The most extensively used biasing circuit for maintaining stabilization is voltage divider bias circuit. It is as shown in figure.  The circuit contains two resistors R₁ and R₂ connected to V_CC in the base section of the transistor. The voltage drop across the resistor R₂ forward biases the emitter base junction. The resistor R_E connected to the emitter grants stabilization.

The current flowing through the resistance ‘R₁‘ is I₁. Since, the current flowing through the base is very small it can be assumed that the same current I₁ flows through resistance by R₂. Therefore I₁ is given as,

\[{{I}_{1}}=\frac{{{V}_{CC}}}{{{R}_{1}}+{{R}_{2}}}\]

Further, since same current I₁ is flowing through R₁ and R₂ it can be assumed that R₁ and R₂ are in series.

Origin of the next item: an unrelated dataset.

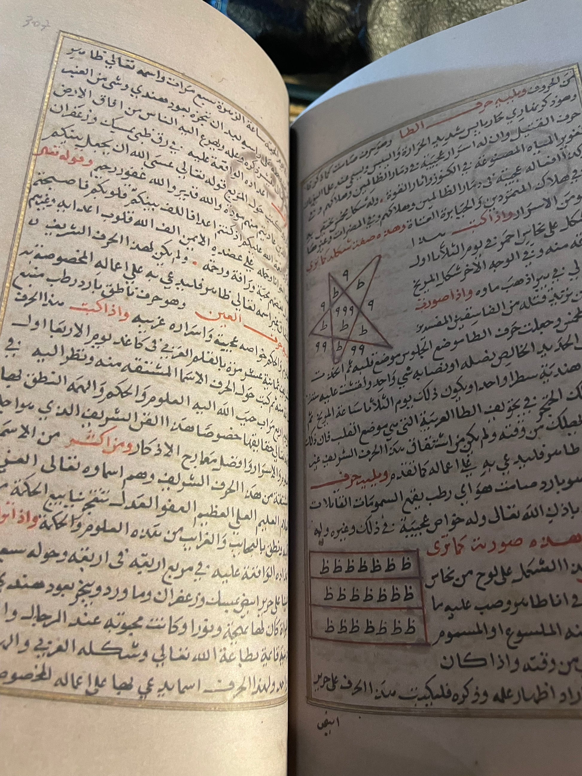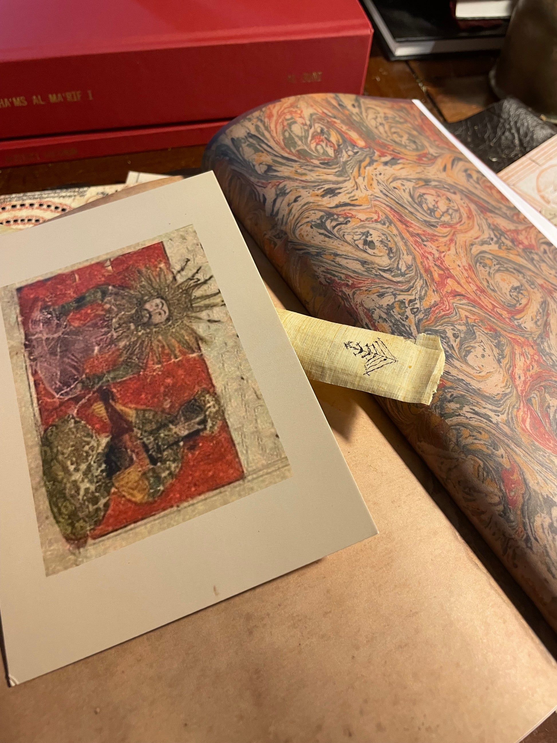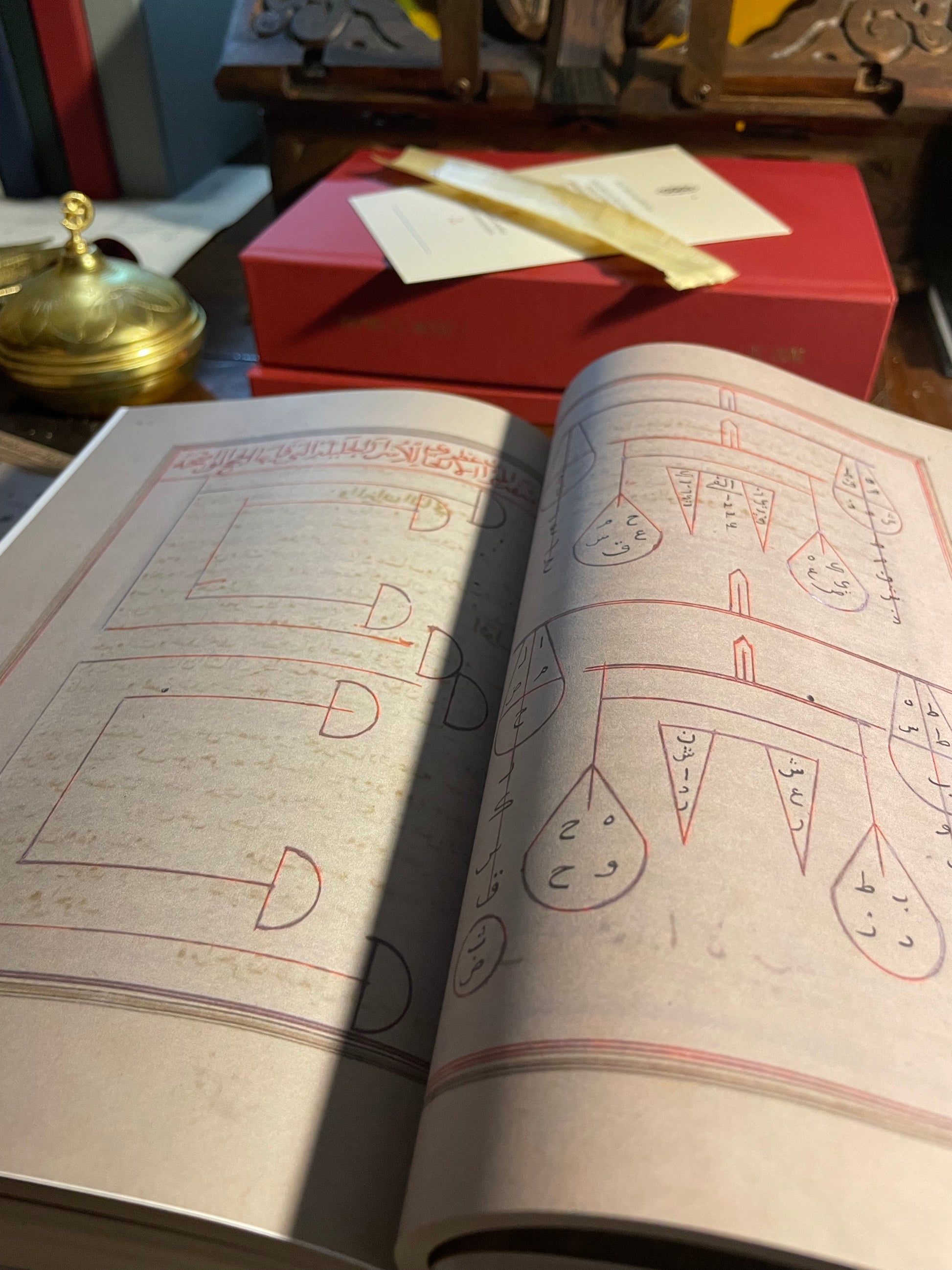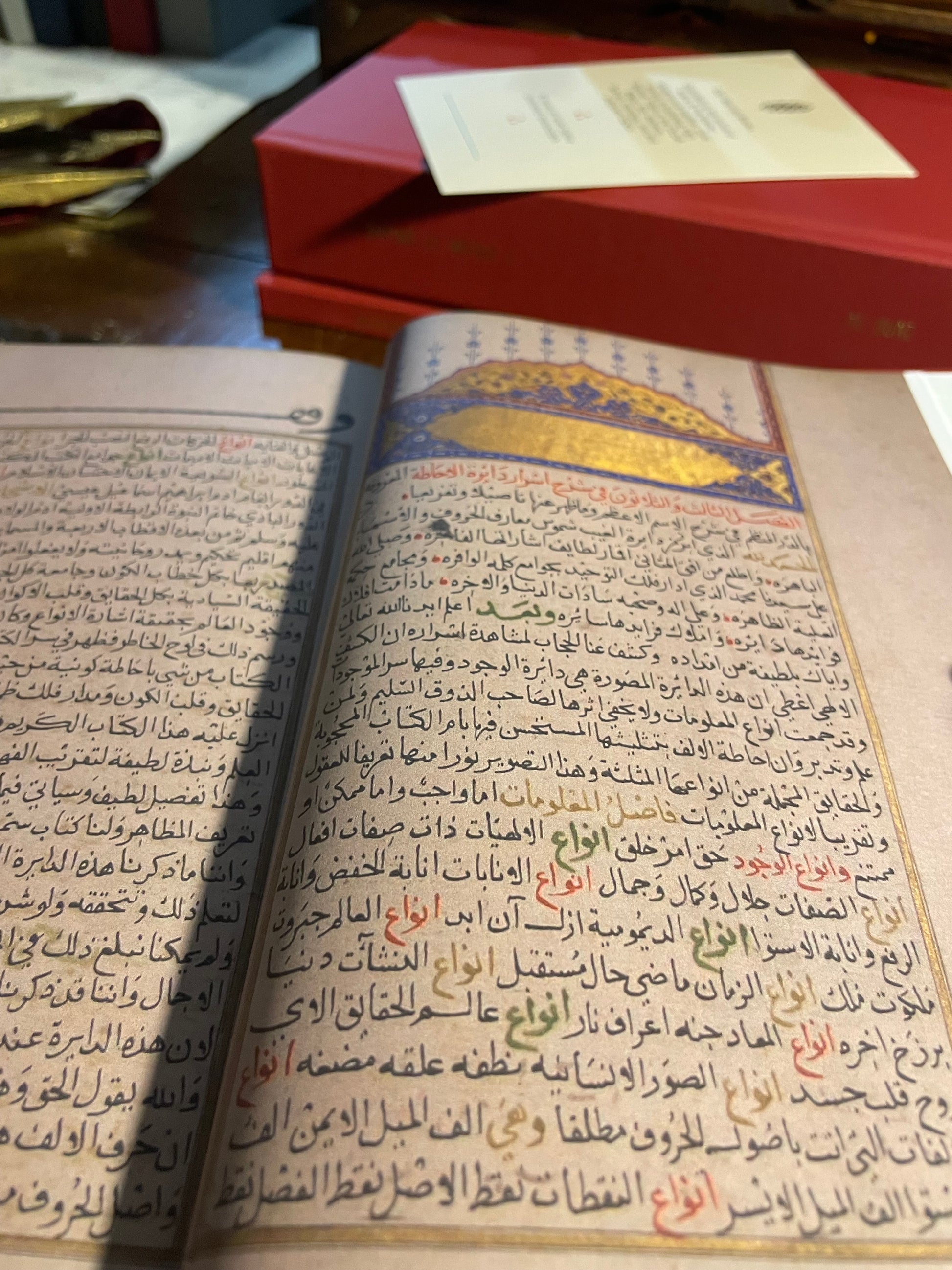 Red linen Wrap Hardcover, over 1100 pages in two volumes fully colored and illustrated facsimile reproduction of the Original Arabic Manuscript 'Grand Sun of Gnosis' شمس المعارف الكبرى.

Therefore, by using voltage division rule, the voltage drop across R2 is given as,

\[{{V}_{2}}=\left( \frac{{{R}_{2}}}{{{R}_{1}}+{{R}_{2}}} \right).{{V}_{CC}}…(4)\]

Apply KVL to the loop 2 shown in figure.

\[{{V}_{2}}={{V}_{BE}}+{{V}_{E}}\]

\[{{V}_{2}}={{V}_{BE}}+{{I}_{E}}{{R}_{E}}\]

\[{{I}_{E}}=\frac{{{V}_{2}}-{{V}_{BE}}}{{{R}_{E}}}\]

Thus,

\[{{I}_{E}}=\frac{{{V}_{2}}-{{V}_{BE}}}{{{R}_{E}}}\]

Generally for a CE configuration I_E ≈ I_C. Hence equation (4) can be written as,

\[{{I}_{C}}=\frac{{{V}_{2}}+{{V}_{BE}}}{{{R}_{E}}}…(5)\]

Where,

V₂ – Voltage drop across ‘R₂‘

V_BE – Base emitter voltage.

Applying KVL to the output side of the circuit in figure,

\[{{V}_{CC}}={{I}_{C}}{{R}_{C}}+{{V}_{CE}}+{{V}_{E}}\]

\[{{V}_{CC}}={{I}_{C}}{{R}_{C}}+{{V}_{CE}}+{{I}_{E}}{{R}_{E}}\]

\[={{I}_{C}}({{R}_{C}}+{{R}_{E}})+{{V}_{CE}}\text{    (}{{I}_{C}}\approx {{I}_{E}}\text{)}\]

\[={{V}_{CE}}+{{I}_{C}}({{R}_{C}}+{{R}_{E}})\]

\[{{V}_{CE}}={{V}_{CC}}-{{I}_{C}}({{R}_{C}}+{{R}_{E}})\]

The circuit provides good stabilization through resistance ‘R_E‘. It is explained using equation (5), that is,

\[{{V}_{2}}={{V}_{BE}}+{{I}_{C}}{{R}_{E}}\]

In the above expression, voltage V₂ (across R₂) is independent of I_C and is given as,

\[{{V}_{2}}=\left( \frac{{{V}_{CC}}}{{{R}_{1}}+{{R}_{2}}} \right){{R}_{2}}\]

Since R₁, R₂ and V_CC are constant, V₂ is also constant. An increase in I_C causes an increase in potential across R_E (that is, I_CR_E). Since, V₂ is constant an increase in I_CR_E must be compensated by a decrease in V_BE Therefore, an increase in I_CR_E causes V_BE to decrease and vice versa. In this manner the circuit provides good stabilization.

Advantages of Voltage Divider Bias Circuit

1. It is most popular biasing circuit.
2. Simple ‘R_E‘ resistance provides good stability.
3. Stability factor (S) in controlled by R_E and R_th.
4. Stability factor is small for this circuit compared to other techniques.